Nur wenige Worte wechselnd, wanderten wir durch die Straßen der Stadt. An einer Ecke stand einsam ein Angehöriger der Heilsarmee, der, ohne sich aufzudrängen, alle paar Sekunden eine Blechbüchse schüttelte. Passanten eilten schnellen Schritts an ihm vorbei, ein paar starrten leicht gebückt zum Boden, andere fixierten das Ende der Straße. Nahe der steinernen, gekurvten Eisenbahnbrücke erreichten wir wieder den Tweed und sahen erneut Fischer. Einige standen mitten im Fluss und warfen mit Hilfe ihrer Fliegenrute einen Kunstköder aus, andere fingen Fische mittels eines Netzes, das sie zunächst mit einem Boot in die Flussmitte zogen. Sobald sie diese erreicht hatten, ruderten sie etwa zwanzig Meter flussaufwärts und dann wieder zurück ans Ufer. Dort zogen sie gemeinsam das Netz ein und befreiten die gefangenen Lachse von den Maschen.
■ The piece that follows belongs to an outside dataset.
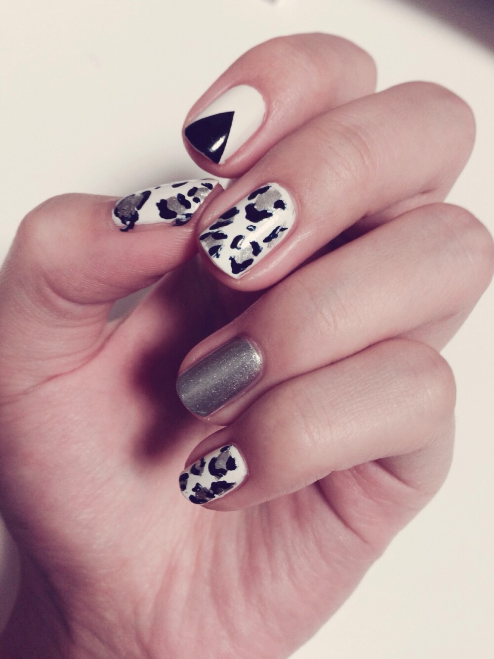 ホワイト、ネイビー、シルバーで簡単なレオパード柄を描いてみました(** ) 三角はマスキングテープで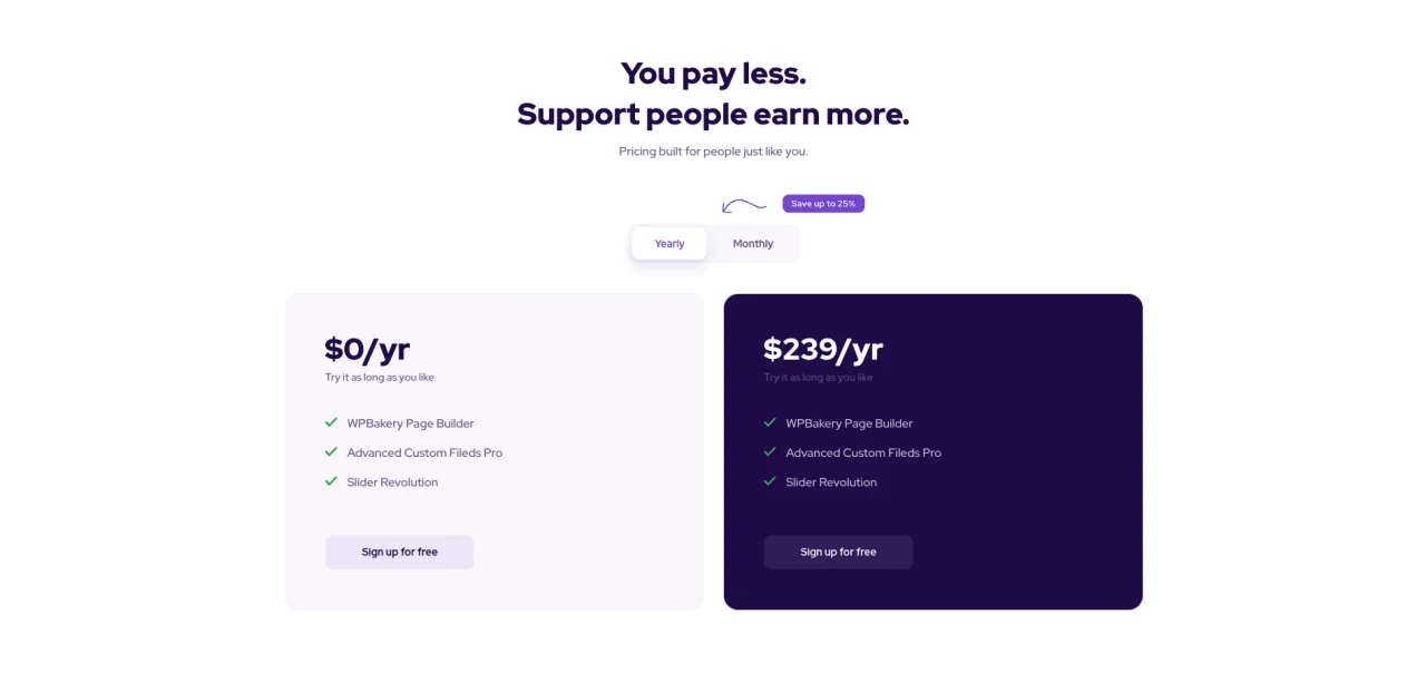 You pay less. Support people earn more. Pricing built for people just like you. Save up to 25% Yearly Monthly Edit Content $0/yr Try it as long as you like WPBakery Page Builder Advanced Custom Fileds Pro Slider Revolution Sign up for free $239/yr Try it as long as you like WPBakery Page Builder Advanced […]

Aber anstatt sie wieder ins Wasser zu werfen, wie der hl. Franz von Assisi es angeblich getan hatte, wurden die wunderschönen Lebewesen auf einen großen Tisch gelegt und von einem der Schleppnetzfischer mit einer langen Holzkeule erschlagen, während dutzende Fischaugen ihn anstarrten und um Mitleid flehten.
Einige Lachse waren gewiss einen Meter lang und besaßen riesige Laichhaken. Halb fasziniert, halb angewidert machte ich Heather den Vorschlag, doch weiter flussaufwärts in den Auwald zu gehen. Aber sie hatte dem Tweed schon seit einiger Zeit den Rücken gekehrt und den Weiden zugesehen, wie sie im Wind hin und her wogten, elegant wie riesige Schildkröten, die – langsam in der Strömung treibend – am Meeresgrund grasen.